Sunday, 6 October 1996

Cor Blimey It's Matt King, Oct 6, 1996


Cor Blimey It's Matt King
At Star & Garter Hotel Nelson & Dorcas Sts. Sth Melbourne, Wed-Sat until October 18, 1996
 Reviewed by KH around Oct 5, 1996

It's been a while since I was at a pub comedy gig. Aah! My misspent youth! The publican greeted me; "Are you the judge?"  Was I missing a wet T-shirt comp in the bar? I trailed upstairs, followed by the perfume of stale beer, to a windowless room with a kids' wacky alphabet doona cover/backdrop on a tiny stage.  Comedy still works on a low budget.

Matt King ambles onstage with a bad Geography-class map of England. He is a warm, mild-mannered, sweet-tempered stand-up with a Hertfordshire accent - or is it f...ing Essex? He started slowly but by the end this audient was laugh-weeping at frighteningly true, gruesome childhood stories about his militaristic dad's obsession with order and adventure holidays. King engenders a heap of sympathetic "Ohs!" and "poor sod" responses.

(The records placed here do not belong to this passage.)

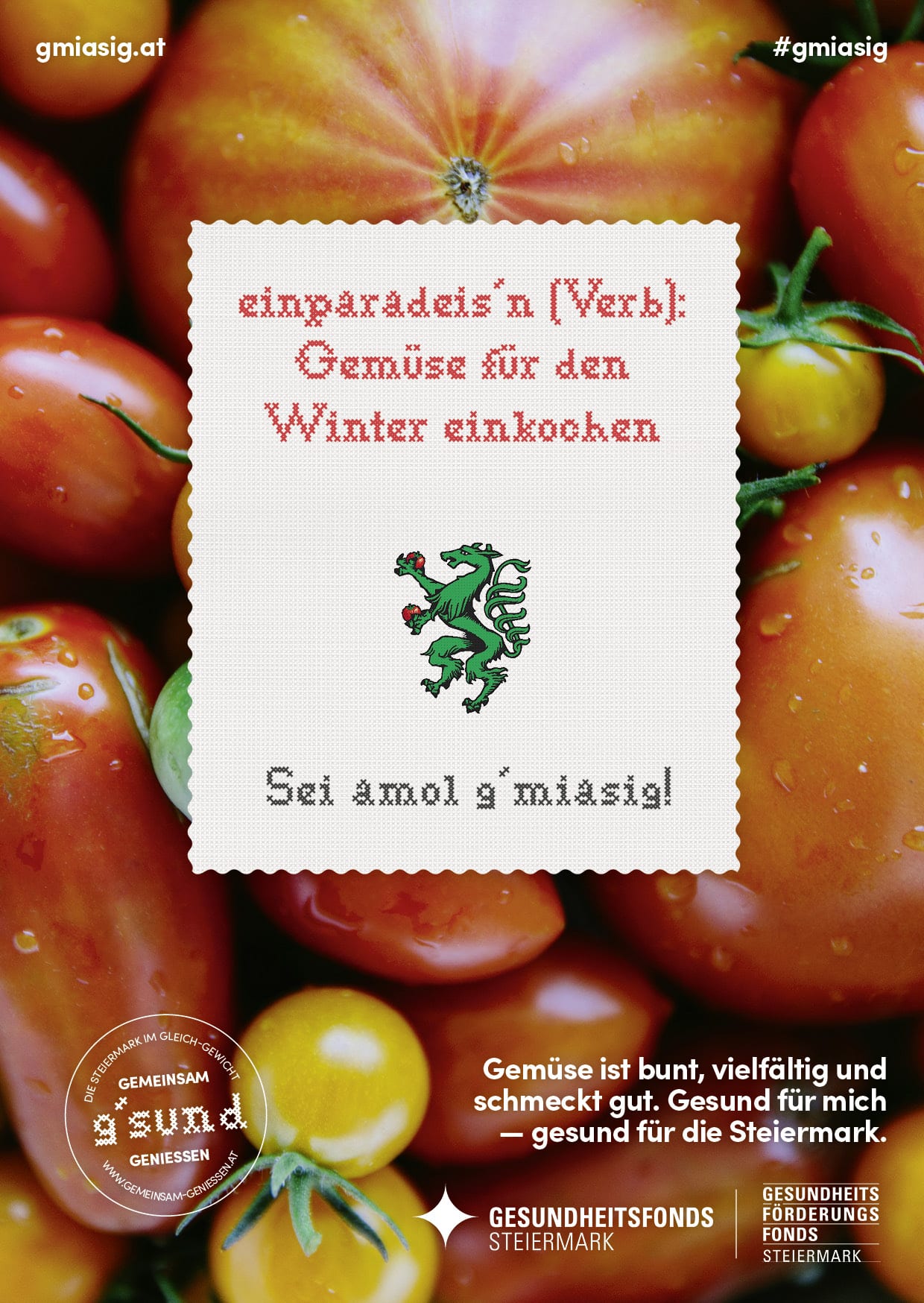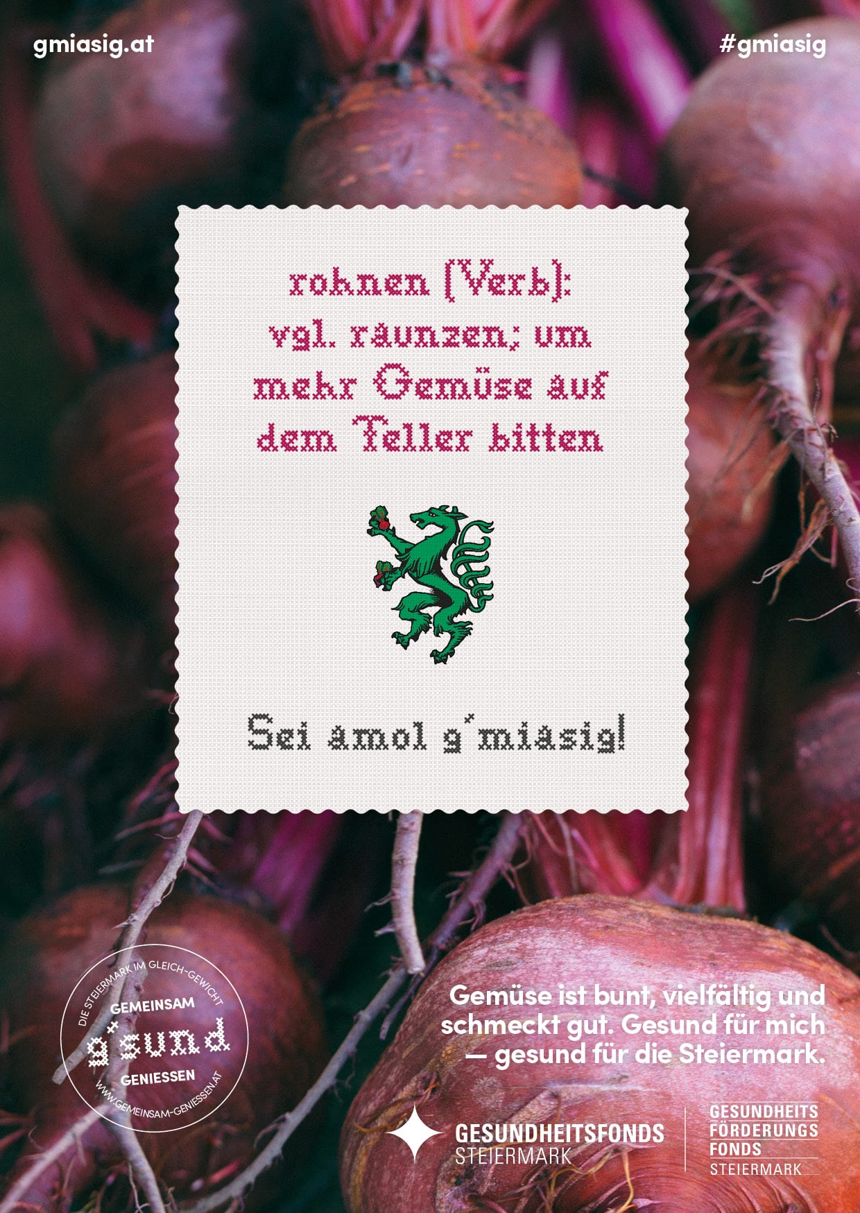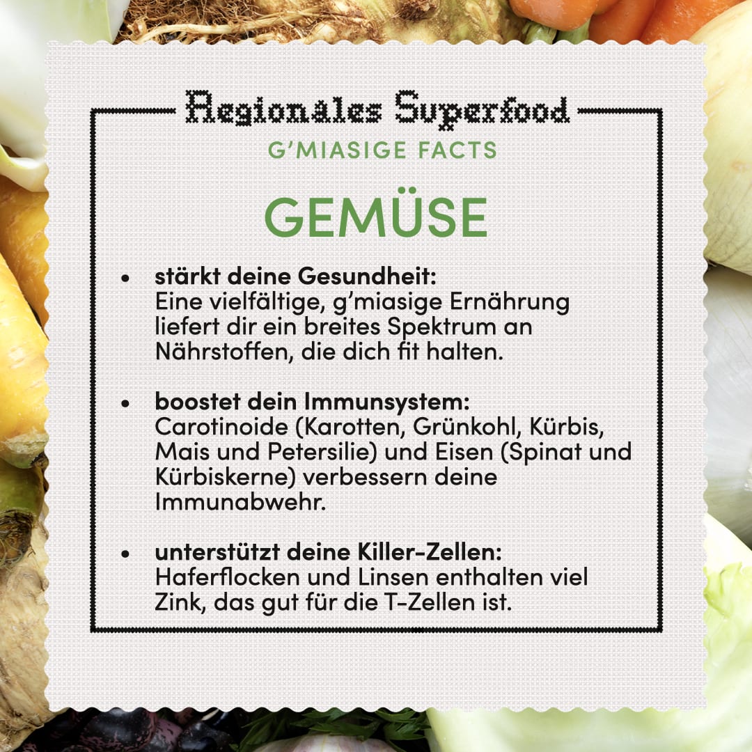 Wenn es um gesunde Ernährung geht, haben die Steirer*innen noch ein bisschen Aufholbedarf: Besonders beim Verzehr von Gemüse hinken sie der Empfehlung von drei Portionen pro Tag hinterher. Nur ein Drittel der Jugendlichen und nur die Hälfte der Erwachsenen essen täglich Gemüse. Wir meinen: Das muss sich ändern! Deshalb arbeiten wir aktiv im Rahmen unserer Maßnahmen und Projekte daran bzw. bieten hier Informationen und Ideen für mehr Gmias am Teller an!
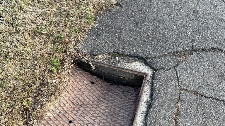 Kaposváron a Szalay Fruzsina utcában a 13-as szám előtti járdaszakaszon feltehetően jármű hajtott fel a járdára és ennek következtében meghajtott az aknafedél. Balesetveszélyes, sötétben könnyen beleléphetne valaki.
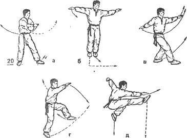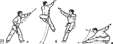 В 50-х годах нашего столетия в Китае были упорядочены некоторые традиционные стили, введена единая терминология и базовая техника. Так появилось спортивное направление ушу «Длинный кулак» (Чань-цюань). Это же название часто можно встретить в древнем китайском ушу, однако не следует его путать с современным спортивным стилем. Созданный в XX в. «Длинный кулак» составлен из движений родственных стилей по принципу зрелищности и пользы для основных групп мышц и связок. Он включает в себя элементы 12 стилей: Дза-цюань, Хуа-цюань, Шао-линь-цюань, Пао-цюань, Хуа-цюань (существует несколько стилей Хуа), Тантуй, Дитан, Фанцзи, Чоцзя, Мицзун, Бадц-зи, Пигуа. Таким же путем шло создание современного направления «Южный кулак» (Нан-цюань), куда вошли стили южного направления ушу. Третью группу Тайцзи составили стили этого направления. Общая терминология и методика преподавания позволили занимающимся одновременно изучать несколько стилей за сравнительно сжатые сроки. Однако если в традиционном искусстве ушу использовались индивидуальные особенности занимающегося, то в спортивном требуется точное выполнение нормативов, что приводит к росту физического совершенствования в ущерб комплексной системе. В настоящее время все движения сгруппированы по степени сложности. Поэтому занимающийся, не способный по какой-либо причине выполнить один трудный элемент, не может двигаться дальше. Спортивные направления ушу предусматривают выполнение индивидуальных комплексов, групповых упражнений (в парах, втроем), многоборье и вольный стиль Сань-да или Сань-шоу. В свою очередь, индивидуальные комплексы подразделяются на упражнения без предметов (в стиле различных «кулаков»), с короткими предметами (меч, сабля) и с длинными предметами (палка, копье). Трехзвенная и многозвенная палки, цепь, парная сабля, алебарда и другие виды китайского оружия (всего их 18) также используются при выполнении упражнений. К индивидуальным комплексам относится один вид упражнений в парах: сталкивание с места, требующее умения свести на нет усилия партнера и своими действиями столкнуть его с места. Комплексы (тао) упражнений без предметов содержат ряд трудных элементов: например, различные виды прыжков с ударом рукой по стопе без поворота и с поворотом на 180° и на 360°; приземление после прыжков в шпагат или падение на бок; прыжок с махом ноги и с поворотом плеча назад, на 360°; «бедуинское» колесо; маховое сальто вперед; подъем разгибом и чисто акробатические движения (рондат, фляк, сальто). Чтобы получить младший спортивный разряд, надо выполнить тао за 1 минуту 20 секунд, а для высшего — за 1 минуту. Комплексы упражнений с предметом выполняются за 40 секунд. Помимо перечисленных выше элементов, в тао с предметами включаются уколы, вращения, крутки, обмахивания, обводки, рубки, переброски, подкидывания, выпады, удары о землю, то есть упражнения, характерные для действий с оружием. В групповых упражнениях, которые называются «обусловленный спарринг», применяются как нападающие, так и защитные приемы. В многоборье входит шесть видов упражнений: два в стиле одной из популярных школ, три с разными предметами (с короткими, длинными) и упражнения с соперником (вдвоем, втроем, при разном сочетании видов предметов). Участвующие в соревнованиях в вольном стиле Сань-шоу распределяются по девяти вес
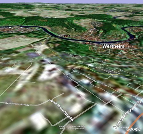 Az érdeklodok kedvéért megadjuk az utca egyik töréspontjának GPS koordinátáit is (49° 45' 20,5044" ; 9° 29' 39,3939"), Google Earth böngészovel rendelkezo olvasóink pedig ide kattintva juthatnak el a helyszínre.
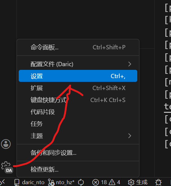 LLVM需要在VScode中添加路径,首先点这个齿轮找到设置:
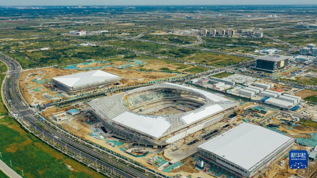 在雄安新區啟動區拍攝的雄安體育中心(9月20日攝,無人機照片)。
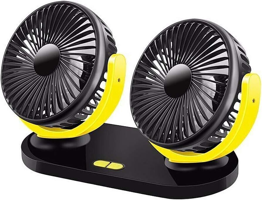 USB Mini Ventilatori 10 Volt Doppia Testa Ventola di Raffreddamento Ventilatore per auto Tre Velocità Regolabile e Rotazione Manuale a 360º+180º per Casa Ufficio Campeggio di Furgoni
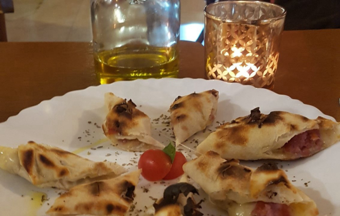 rotollinas – pequenas pizzas enroladinhas recheadas – ou crostinis.
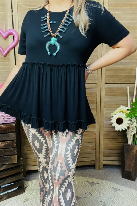 SaleBQ15553 Black short sleeve baby doll women tops w/short sleeve &ruffle bottom
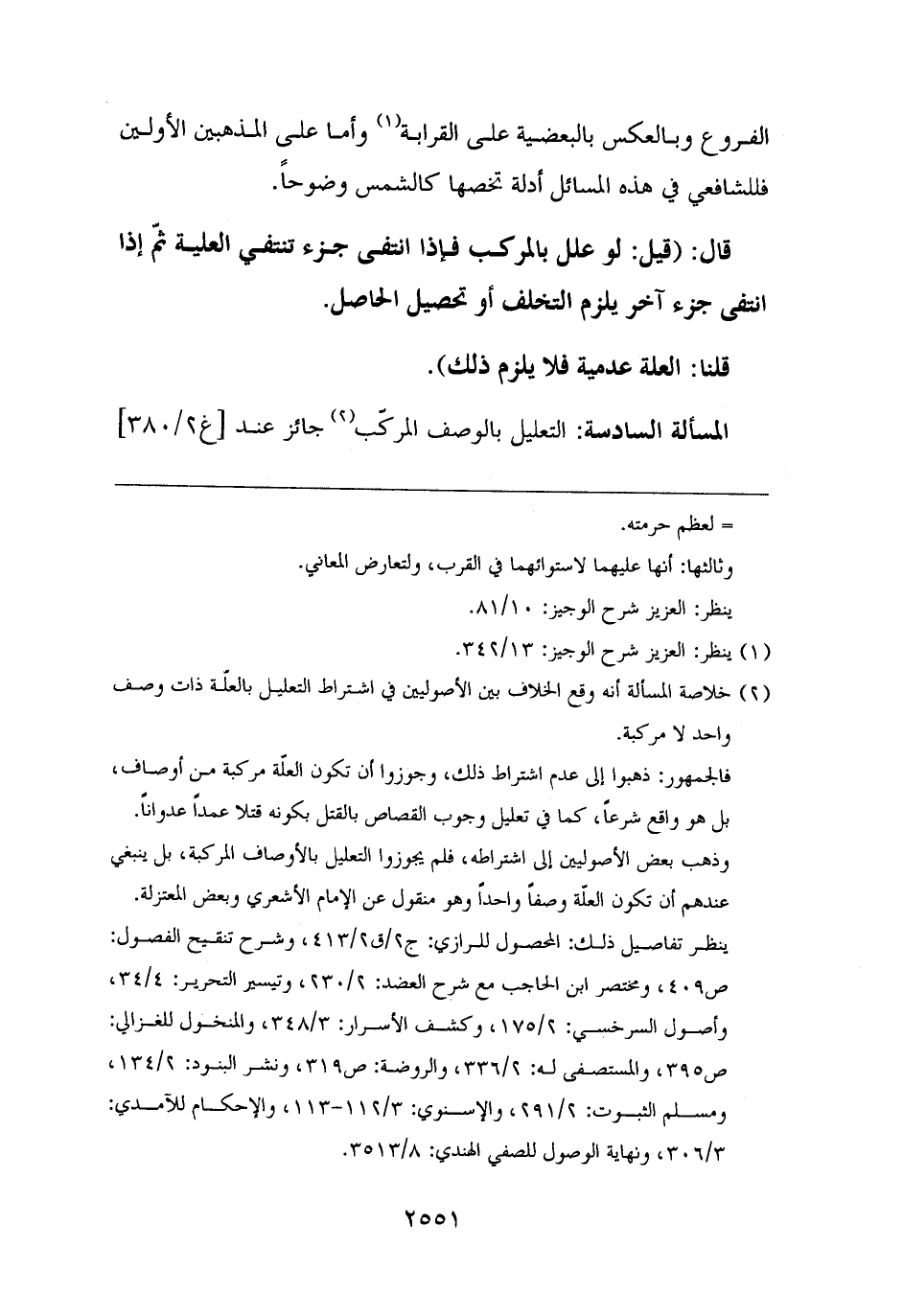 المسألة السادسة: التعليل بالوصف المركّب (¬٢) جائز عند

The word- gag picture of little Mattie painted by big Mattie is of a skinny, unsporty kid with attitude. He alienates his nightmare German exchange family, evades death by kayak in a France and finally escapes England for good for Oz, land of his favourite scary, lethal critters.

King is a great yarn-spinner and the longer the story the better. He re-incorporates snippets, appeals to our sympathies and our prejudices about the English, the Germans, the French, the military, the cub scouts - everything. The more excruciating the story, the funnier he is.

We squirm at his adoption story: " They did a bit of shopping on the way home and picked up a baby too." His father's homemade snake costume is every kid's embarrassing nightmare. The whole routine travels a path to dad getting his just deserts for being a total shit.